Collection | words that stay

Posted by Wanyu Zhang on July 13, 2025

This blog is a collection of excerpts that have stayed with me—lines from poems, lyrics, and books. I’m not an expert in literature, but I write these notes to capture and share the personal connections I feel with these beautiful words.


Flowers

Lyrics by Miley Cyrus

I can buy myself flowers

Write my name in the sand

Talk to my self for hours

Say things you don’t understand

I can take myself dancing

And I can hold my own hand

Yeah, I can love me better than you can

test
Literally, buying meself flowers.

Possibilities

Poem by Wislawa Szymborska

I prefer exceptions

I prefer to leave early

I prefer talking to doctors about something else

I prefer the absurdity of writing poems

to the absurdity of not writing poems

I prefer, where love’s concerned, nonspecific anniversaries

that can be celebrated every day

I prefer zeros on the loose

to those lined up behind a cipher

I prefer keeping in mind even the possibility

that existence has its own reason for being

I first encountered this poem in an elective course on Nobel Prize in Literature, taught by Prof. Dong Ding at SUFE. For our final assignment, she asked each of us to write our own Possibilities. Later, she compiled our poems into a collective version, Possibilities for Class 2023.

This poem is both accessible and powerful, especially when it resonates within a diverse group of people. I still think back to that class as one of the most rewarding experiences in my undergraduate years. If you’re a SUFE student, I highly recommend taking it.

Zen Mind, Beginner’s Mind

Book by Shunryu Suzuki

The idea of keeping a beginner’s mind is similar to the saying, “stay hungry, stay foolish.” At any moment, we can return to being beginners—free from the weight of past achievements and unburdened by desire or fear for the future.

If your mind is empty, it is always ready for anything; it is open to everything. In the beginner’s mind there are many possibilities; in the expert’s mind there are few. In the beginner’s mind there is no thought, “I have attained something.” All self-centered thoughts limit our vast mind. When we have no thought of achievement, no thought of self, we are true beginners.

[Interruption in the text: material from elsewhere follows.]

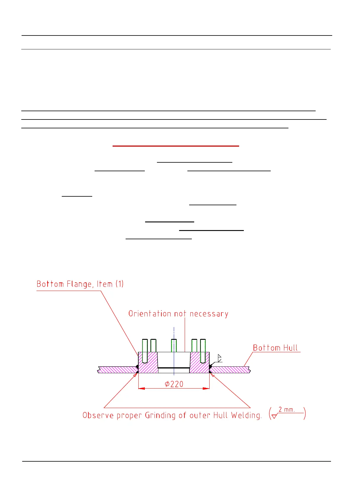 • The bottom ange, Item (1), is welded into the hull. Standard welding practice, methods and procedures

Good books often echo this common truth. You can find the same spirit of beginner’s mind in The Power of Now, Siddhartha, and in yoga practice, though expressed in different language.

As a beginner, you listen carefully without comparing to what you already know; you keep doing without clinging to goals; and you forget yourself in the process:

When you do something, you should burn yourself completely, as a good bonfire, leaving no trace of yourself.

A Room of One’s Own

Book by Virginia Woolf

This book explores the relationship between women and fiction. It is often regarded as a cornerstone of feminist writing. The book doesn’t try to provide final answers, but I found that many of Woolf’s ideas resonate with my own reflections on gender and research.

As a woman in academia, I often enter rooms filled mostly with male researchers. It is hard not to wonder why this imbalance exists, and easy to slip into the mindset of “fighting for women in academia.” But my personal belief is that research itself has no gender. To carry the weight of “sexual awareness” into research can risk distorting its purity. Woolf articulated this with clarity:

The very first sentence that I would write here, I said, crossing over to the writing-table and taking up the page headed Women and Fiction, is that it is fatal for anyone who writes to think of their sex. It is fatal to be a man or woman pure and simple; one must be woman-manly or man-womanly.